Once again, the meddling of an adversary in Yemen has led the Saudis to take action — this time under a new king, Salman, and his ambitious son, Muhammad. Iran’s support for the Houthis today is not comparable to Egypt’s invasion of Yemen in the 1960s, but the regional context is eerily familiar. First in Iraq, then in Syria and now in Yemen, the Saudis have watched with concern as Iran gains influence amid chaos.

As if things were not bad enough, America, the Saudis’ trusted ally and longtime guarantor of their power, is making diplomatic overtures to the enemy. Seen in this context, the Saudi-led intervention represents a line in the sand — a demonstration of power aimed as much at Washington as Tehran.

In recent days, critics have asked how the Obama administration can square its support for Iran’s battle against ISIS in Iraq with opposition to Iran’s proxies in Yemen. American policy suffered from similar contradictions 50 years ago. When war broke out over Yemen in 1962, the United States had no choice but to defend its beleaguered Saudi allies. Yet the Kennedy administration was then in the midst of a delicate dance with Nasser, predicated on the belief that American influence in the Arab world required an understanding with Egypt — the Soviet Union’s most significant regional ally. Much to the frustration of the Saudis (and their ally at that time, the shah of Iran) America adopted a nuanced policy toward the conflict in Yemen that satisfied no one.

As the Saudis predicted, the attempt to restrain Nasser’s revolutionary ambitions by plying him with aid didn’t end well. Nasser persevered for several years in Yemen, Egypt gravitated toward the Soviets, and American-Egyptian relations went up in smoke on the battlefields of Sinai in 1967. The parallel with the Obama administration’s current outreach to Iran cannot be lost on the 79-year-old Saudi king.

Ultimately, the Obama administration will have to choose whether to accommodate Iran’s leaders at the expense of America’s traditional allies or align with the Saudis and Egyptians against them.
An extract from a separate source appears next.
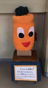 「にんじん神様」です。優しくさわると苦手な食べ物も食べられるようになるとか!優しく頭をなでている子もいました。
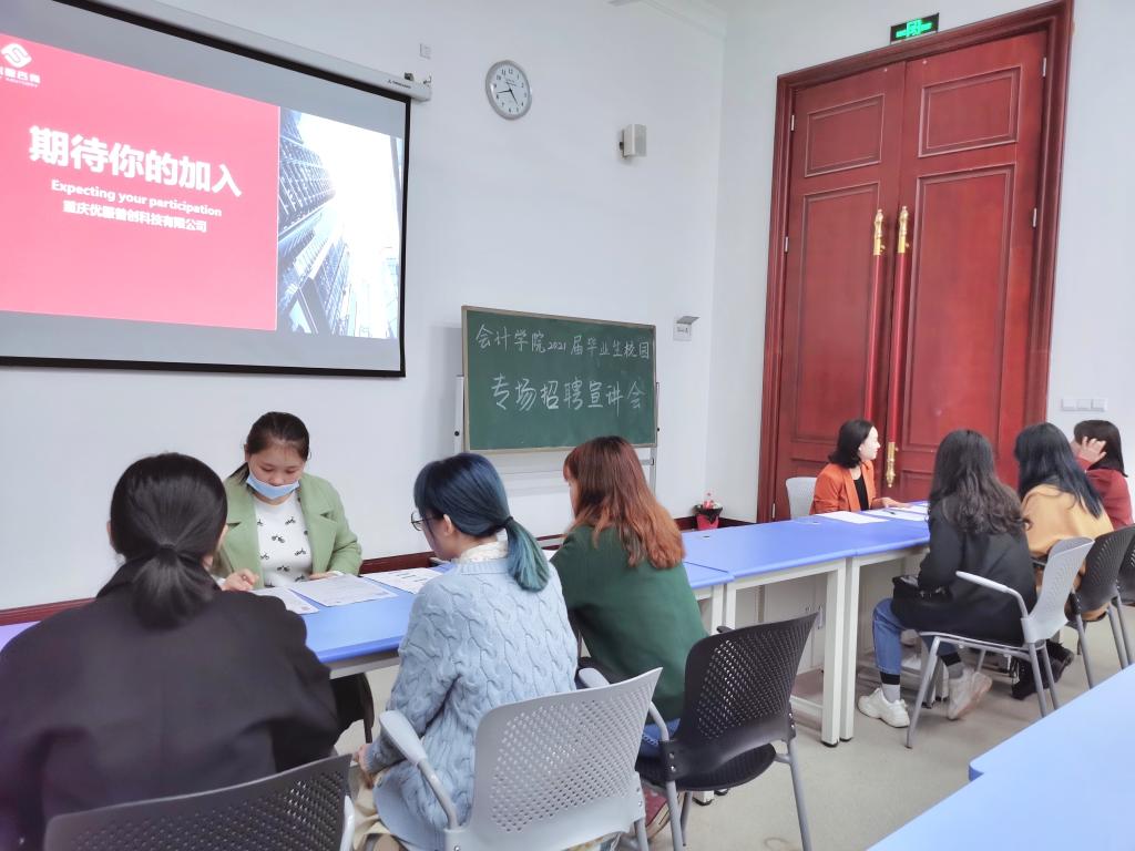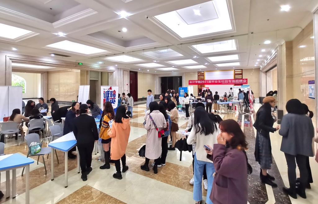 为了更好拓宽我院毕业生就业渠道,为毕业生提供更多就业机会,会计学院于2020年10月28日下午在教学楼二楼大厅举办了2021届毕业生校园就业专场招聘会。此次招聘会吸引了重庆市20余家会计协会相关单位参加,提供了审计助理、会计助理、商务专员等150余个岗位。

In the context of a coherent regional strategy, the crisis in Yemen could supply a useful pressure point on Iran that might enhance the chances of success in the ongoing nuclear negotiations.

An American red line in Yemen, backed by Saudi and Egyptian air power, would signal to the Iranians that relief from sanctions is contingent on ending their support for violent proxies from Yemen to Iraq and beyond. That was true of Egypt in the 1960s. It is true of Iran today.

Jesse Ferris is the author of Nasser’s Gamble: How Intervention in Yemen Caused the Six-Day War and the Decline of Egyptian Power.